Exact reproduction required: the lines below from the line with "Ismailia police clash 1952" to the line with "4 June protest", both ends included, and no others.

### Provided entries ###

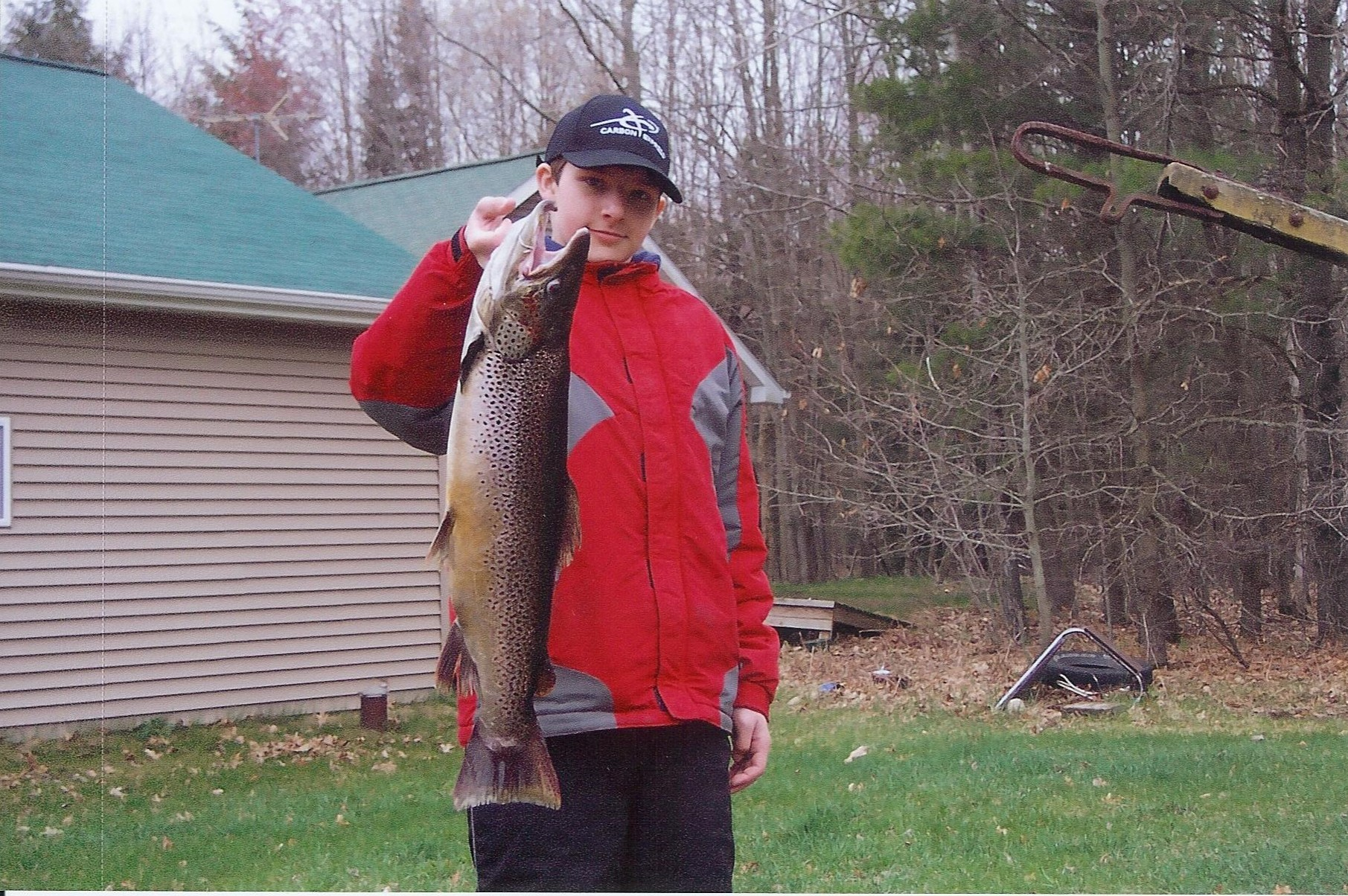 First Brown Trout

###
### Provided entries ###

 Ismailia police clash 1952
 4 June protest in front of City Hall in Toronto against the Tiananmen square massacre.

###
### Provided entries ###

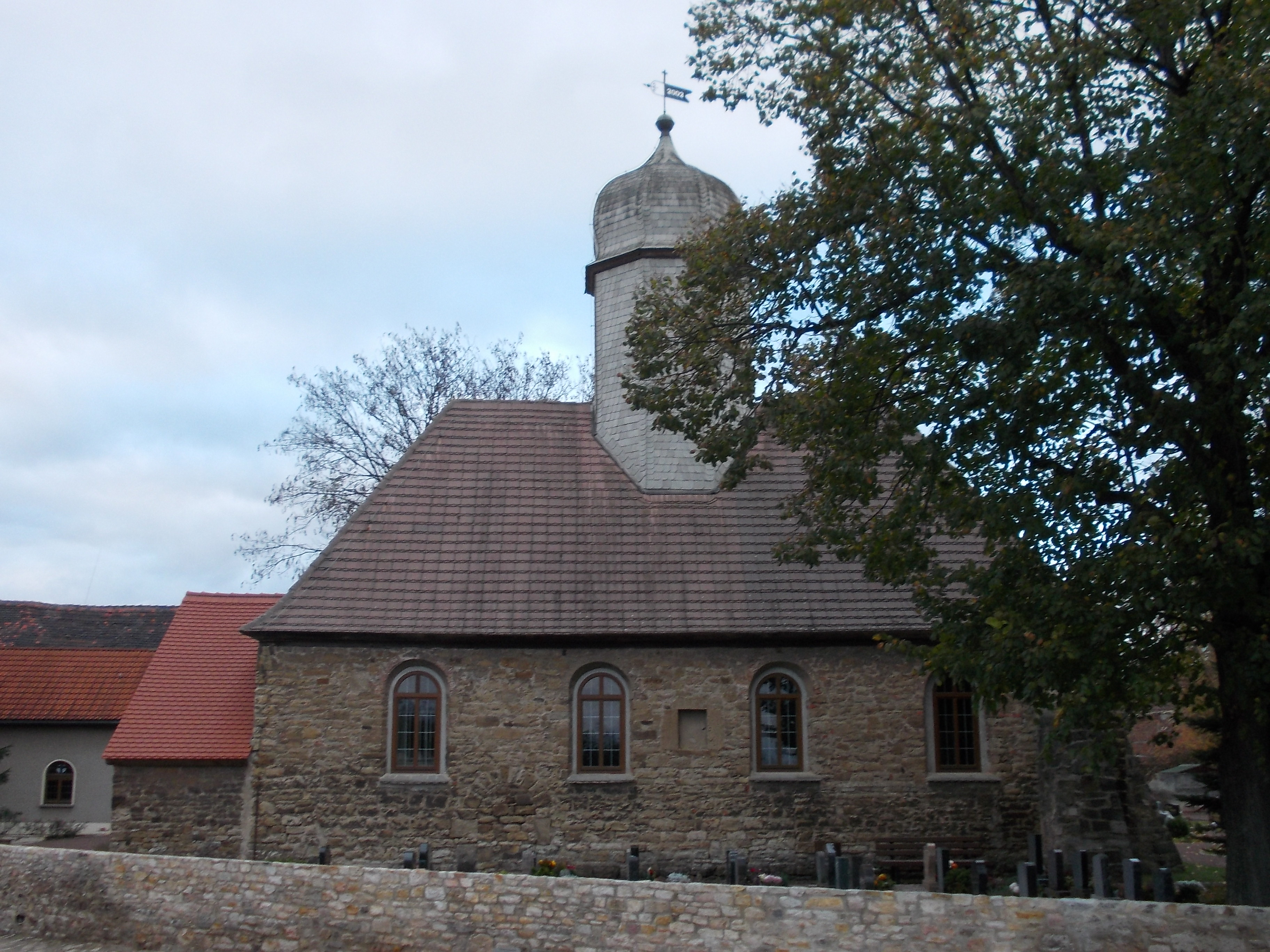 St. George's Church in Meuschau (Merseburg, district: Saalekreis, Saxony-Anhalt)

###

> _Exercise result_:
 Ismailia police clash 1952
 4 June protest in front of City Hall in Toronto against the Tiananmen square massacre.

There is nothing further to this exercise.